Administrators (group-Administrator): full control
Iis_wpg (group-IWAM _ server name, Local Service,
Network Service and system): read and execute
Interactive: List folder content
IUSR _ server name: List folder content
Network: List folder content
Network Service: List folder content
Ows_123456789_admin (group-Administrators Group): List folder content
Ows_987654321_admin (group-Administrator): List folder content
System: full control
Users (group-ASPnet, Authenticated Users Group, interactive ):
Read and execute
You can see that many permissions are set here, and some are redundant. I need to create a new master folder for other web sites and want to ensure that the permission settings fully meet my needs.

A: The answer to "What permissions should I have" is "minimum permissions to meet requirements ". IIS only needs the NTFS permission to send static content and scripts. All other permissions are based on your business needs.

From the permissions you listed, I can see that IIS 6 and FrontPage 2002 extensions are newly installed on your server. It is worth noting that the permissions required on the server (sometimes users and groups) change each time a service or product is added. First, let's take a look at the permission settings for the wwwroot folder when IIS 6 is installed by default on Windows Server 2003 without FrontPage Server Extensions installed. They are:

Administrators-full control
System-full control
Iis_wpg-list folder content, read and execute, read
Users-list folder content, read and execute, read
Internet Guest Account-write denied
The default permissions of IIS 6 listed by me are different from those on your server, because you have installed FrontPage Server Extensions (FPSE) 2002. As you can see, there are many differences in permission settings. Permissions after FPSE is added:

Network-list folder content
Network Service-list folder content
Interactive-list folder content
Ows _ <suffix>-permissions vary with roles.
Internet Guest Account-list folder content
You are right. Some of the settings overlap. The biggest change is the permission of the Internet Guest account,

Deleted "reject write" and added "list folder content ". In this way, anonymous web users have the same permissions and network permissions as interactive groups. Since an IUSR account is either a member of a network group or a member of an interactive group, it is theoretically unnecessary to list IUSR account permissions. In addition, the network service group is a member of iis_wpg and therefore does not need to be specifically listed.

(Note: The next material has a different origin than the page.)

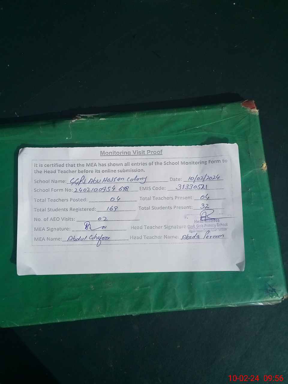 | EMIS Code: 31330521 | Name of School: GGPS ABUL HASSAN COLONY | |||

FPSE permission usage may be confusing. It is mainly used to solve the following problems: the user first uses the user account for authentication to enter the web site, and then browses other content that can only be accessed anonymously using the NTFS permission. In this case, the user may be denied access, and you may want the user to read the content. Fortunately, in Windows Server 2003, You can have fspe use the local user group instead of the built-in permissions for network and interactive groups. For more information, read the http://www.microsoft.com/technet/prodtechnol/ sppt/sharepnt/proddocs/admindoc/owsj03.asp and the content at the http://www.microsoft.com/serviceproviders/whitepapers/fpse2002.asp.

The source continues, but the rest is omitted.